- Brief: Quote the material exactly from the line that contains "The latitude of" through its last line. Any pictures are to be left out.

- Raw data:
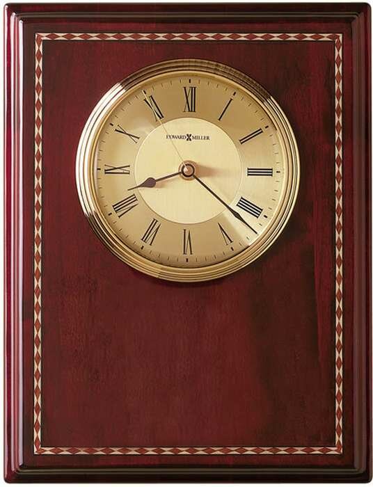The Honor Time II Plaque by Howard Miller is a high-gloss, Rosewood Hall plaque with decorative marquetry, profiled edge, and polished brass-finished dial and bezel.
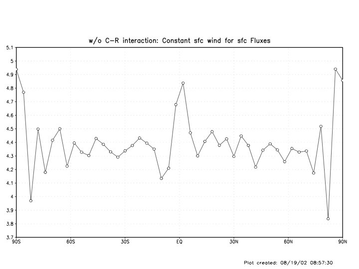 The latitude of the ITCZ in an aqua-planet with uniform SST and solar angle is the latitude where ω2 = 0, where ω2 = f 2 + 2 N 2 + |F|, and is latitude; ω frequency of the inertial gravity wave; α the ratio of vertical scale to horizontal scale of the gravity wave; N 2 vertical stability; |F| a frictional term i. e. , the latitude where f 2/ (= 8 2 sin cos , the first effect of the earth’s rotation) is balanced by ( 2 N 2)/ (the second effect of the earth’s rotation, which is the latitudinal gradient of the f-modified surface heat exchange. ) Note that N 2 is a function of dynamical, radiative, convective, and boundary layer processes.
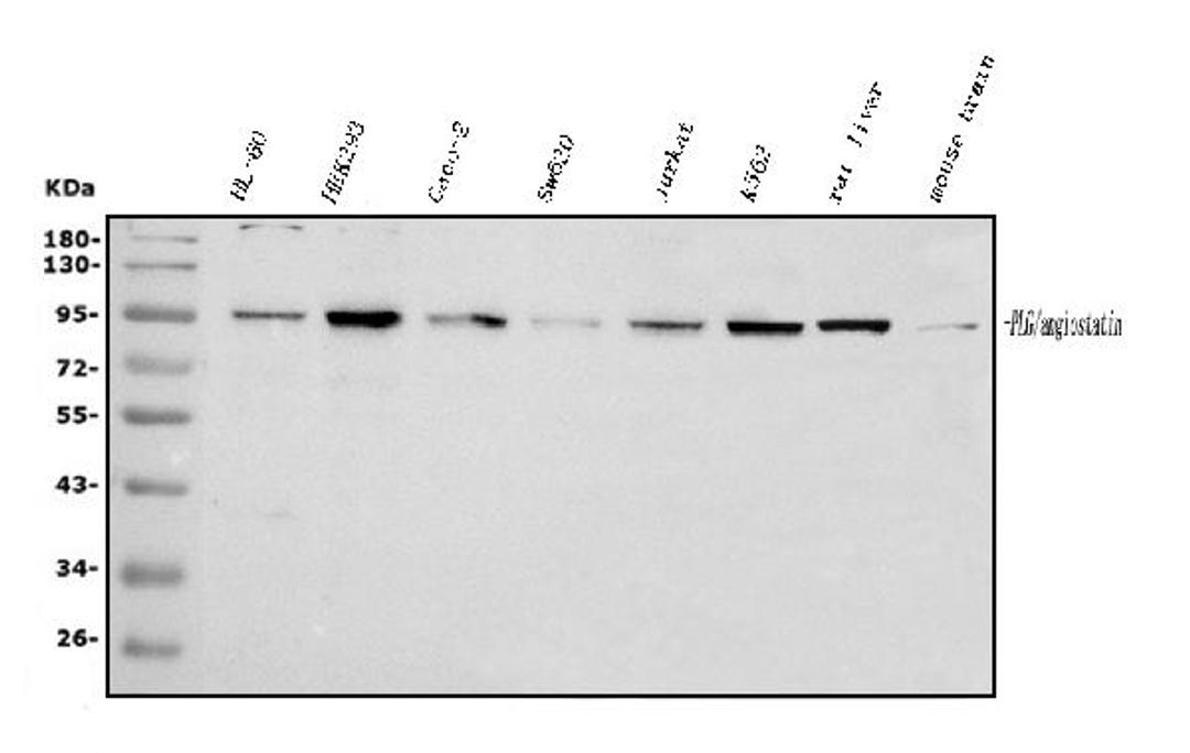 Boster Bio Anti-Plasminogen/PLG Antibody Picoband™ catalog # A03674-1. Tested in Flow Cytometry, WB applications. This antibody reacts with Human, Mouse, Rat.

- Exercise response:
 The latitude of the ITCZ in an aqua-planet with uniform SST and solar angle is the latitude where ω2 = 0, where ω2 = f 2 + 2 N 2 + |F|, and is latitude; ω frequency of the inertial gravity wave; α the ratio of vertical scale to horizontal scale of the gravity wave; N 2 vertical stability; |F| a frictional term i. e. , the latitude where f 2/ (= 8 2 sin cos , the first effect of the earth’s rotation) is balanced by ( 2 N 2)/ (the second effect of the earth’s rotation, which is the latitudinal gradient of the f-modified surface heat exchange. ) Note that N 2 is a function of dynamical, radiative, convective, and boundary layer processes.
 Boster Bio Anti-Plasminogen/PLG Antibody Picoband™ catalog # A03674-1. Tested in Flow Cytometry, WB applications. This antibody reacts with Human, Mouse, Rat.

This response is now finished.